Back at the beginning, craft beer was simpler. Start-up breweries in the 90s and around the turn of the century could be relied upon for four core styles: blonde ale, American pale ale, a version of wheat/weizen, and a porter/stout. It was almost a universal constant.
As breweries established themselves, naturally the stylistic offerings evolved. Other classic styles tested the market, introducing IPAs, English ales, Belgian standards and the perennial Oktoberfest to a thirsty public. “Exotic” was the brewer who put out a barleywine or humble fruit-infused beer, both considered pushing the stylistic limits at the time.
One style in particular arose quite prominently in Texas, largely due to its record score on popular beer-rating websites (and legendary refusal to package). Austin’s Live Oak Brewing, among the oldest craft brewers in the state, produced a uniquely Texan twist on the Bavarian hefeweizen style that has few equals, even to this day. For a while, a competing hefeweizen from almost every Texas craft brewer became an eagerly accepted staple amid our hot, unending summers.
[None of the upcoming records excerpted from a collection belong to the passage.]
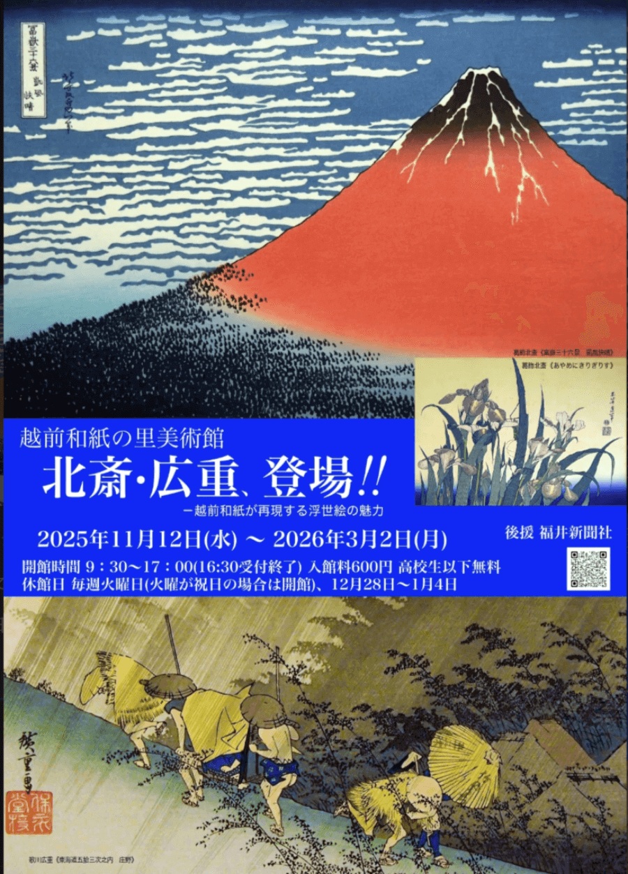 隨著2025年NHK大河劇以「江戶媒體王」蔦屋重三郎為主角,浮世繪再度成為日本藝術界的焦點。位於福井縣越前市的越前和紙の里美術館,推出結合傳統工藝與經典藝術的浮世繪企畫展,透過越前和紙重新詮釋葛飾北斎、歌川廣重等名家的代表作,帶領觀眾從嶄新視角感受浮世繪多樣化的魅力。
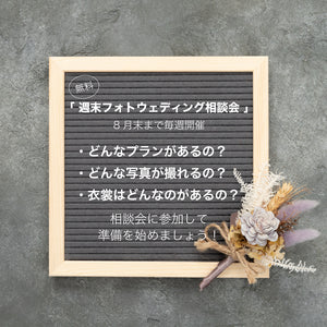 8月末まで毎週 金・土・日に「フォトウェディング相談会」を開催しています。
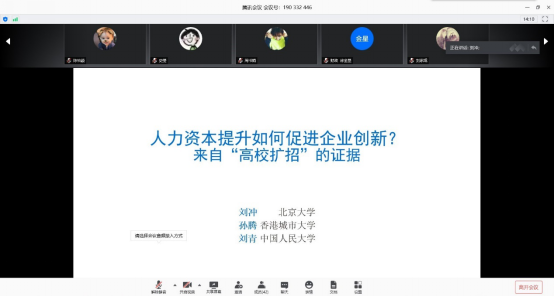 助理教授刘冲博士通过腾讯会议,为學院师生带来了一场题为“人力资本提升如何促进企业创新——来自‘高校扩招’的证据”的学术讲座。讲座由澳门金沙娱乐场
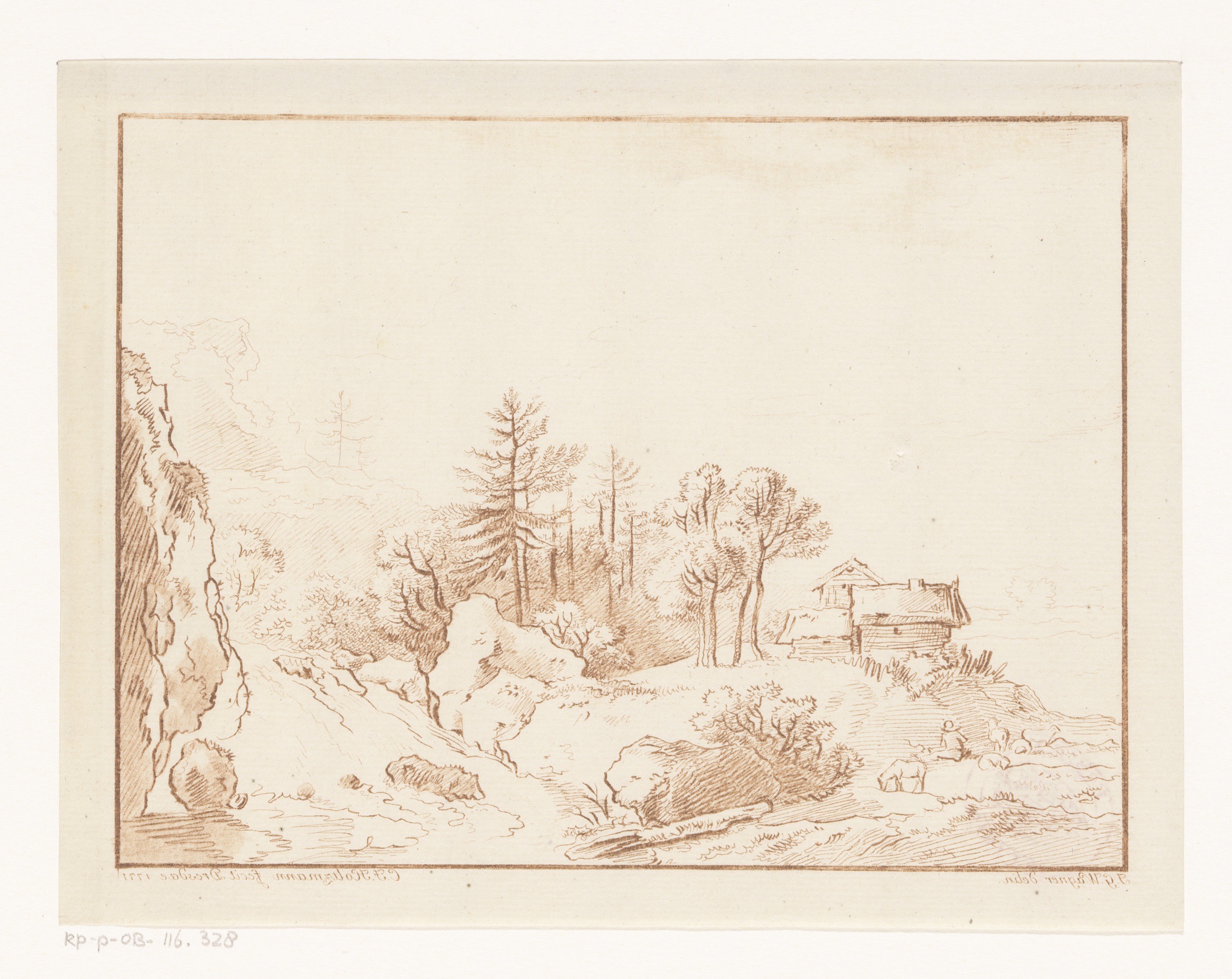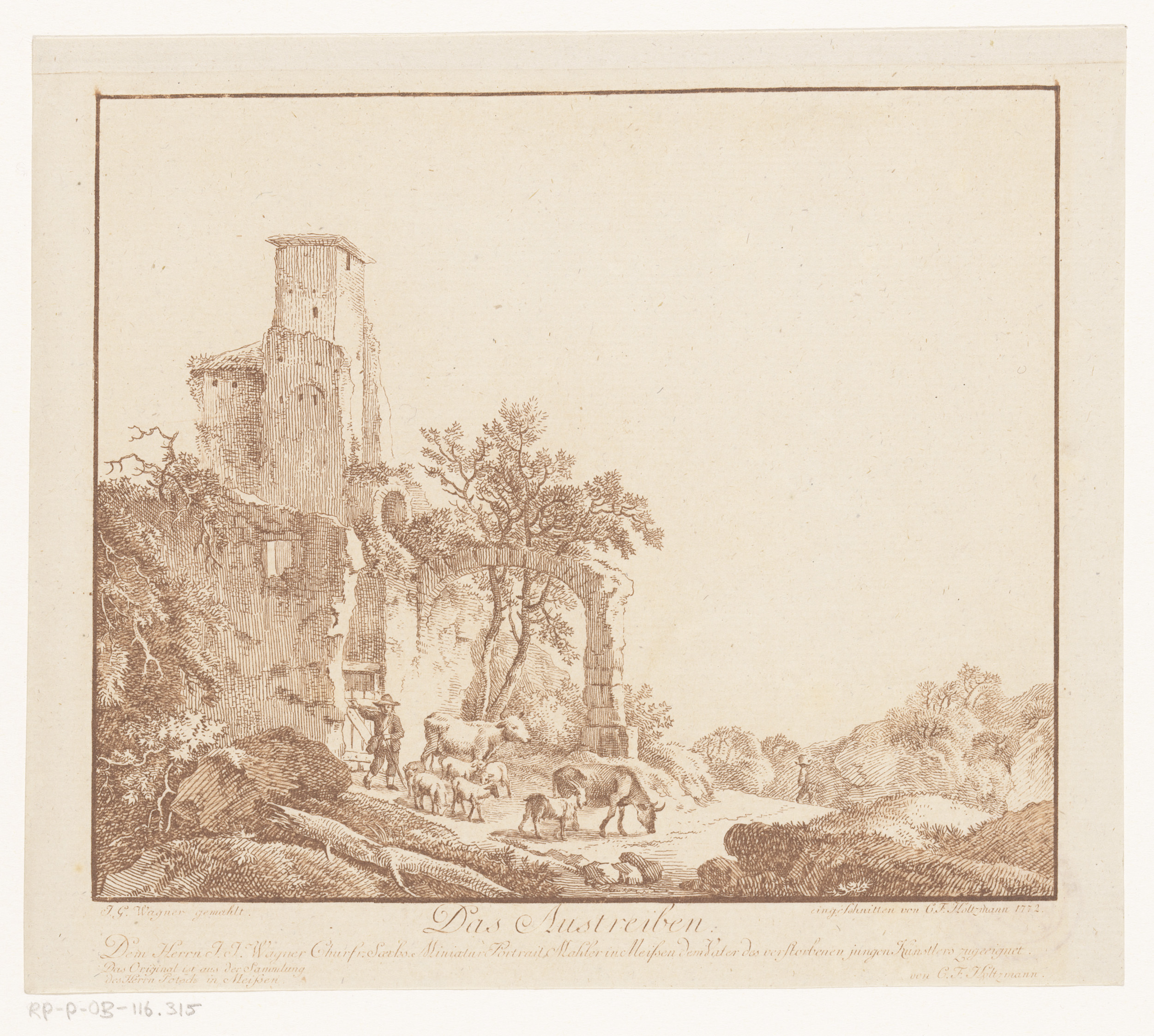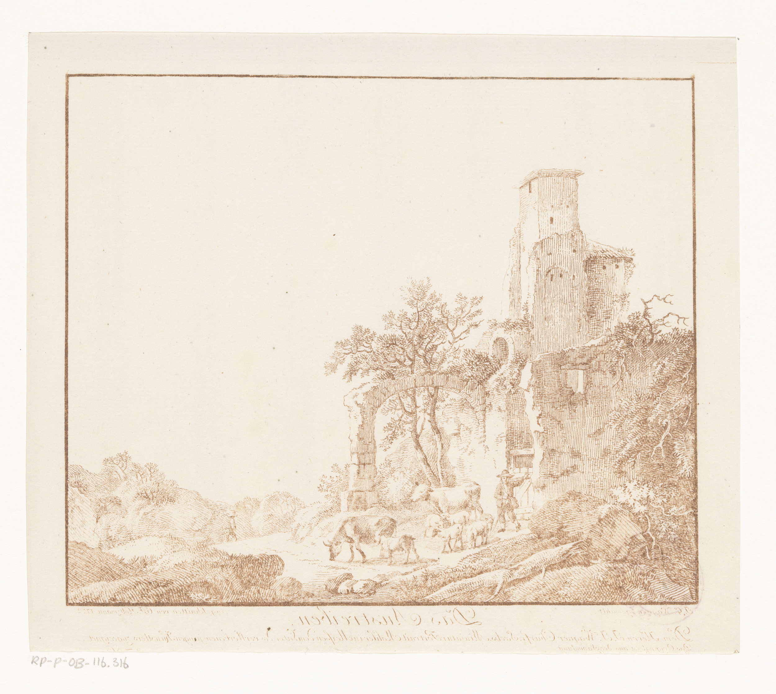 Landschap met ruïne en een herder met vee

The hefeweizen was a logical progression of the American wheat beer style: Flavor notes include fruit, banana and bubblegum, cloves, sometimes vanilla, and an overall soft, malty sweetness beneath a tall, rocky head that lasts for days. It was a consumer favorite, easy to pair with food and widely enjoyed by “non-beer” people for its thirst-quenching nature and quaffability. Hefeweizens provided a different-than-normal option to either the dark/roasty/heavy malt beers and (for some) the intolerably bitter IPAs.
The greatest casualty in this running fight for consumer clicks and dollars? Sadly, it seems to be the hefeweizen.
However, consumer tastes always change. Barleywines and Russian imperial stouts started to march into double-digit ABVs, and the IPA style found itself in a flavorful arms race by brewers intent on pushing the drinker’s IBU tolerance. Wheat beers were outpaced by a rediscovery of the German gose, a light and tart wheat beer style with a salty, lemony flavor. Gose opened the door, and all these beers have since yielded favor to the now ubiquitous kettle sour, which is too often heavily dosed with enough fruit or flavored syrup to push the stylistic definition of craft beer.
The greatest casualty in this running fight for consumer clicks and dollars? Sadly, it seems to be the hefeweizen. Buried under an onslaught of lighter soured wheat styles heavily adulterated with everything from berries to breakfast cereal, the once-strong hefeweizen style (along with a couple of other standards) has quietly faded away. Our landscape is filled with beers that may have a wheat base but would be a stretch to label as genuine weizens, much less those of the hefe variety.
Granted, the German imports still are popular in our local market, at least on retail shelves if not curated tap walls. Paulaner, Weihenstephaner, Ayinger, Hacker-Pschorr and Franziskaner (now Spaten-Franziskaner, owned by AB InBev) are all reliable and familiar stand-bys, and readily scratch that flavor itch if absolutely needed. However, despite their best efforts imports suffer from the delays of packaging and overseas transport. The signature appeal of the authentic hefeweizen style is in its freshness, that just-baked-bread element of a beer mere days out of the conditioning tanks. (Seriously, if you can find a brewpub that makes a hefeweizen, try it as fresh as possible for a life-changing taste experience.)
Which is why it is notable that Denton’s Armadillo Ale Works recently released Tetherball Deathmatch for their third anniversary, a traditional Bavarian hefeweizen. They chose to celebrate their milestone not with an amped-up, high-gravity beer nor a limited-edition style-bender of souring agents and confectioneries. It’s a nod to the noted absence of the style, a throwback to the earlier days of the craft beer market and a welcome reminder that the brewing talent for subtlety still exists.
It’s a shame that brewers have all but abandoned the hefeweizen style, as it can be a relatively easy, quickly brewed crowd pleaser. But brewers must follow their consumers’ interest and keep the lights on, and the best we can hope for is public taste to orbit around once again.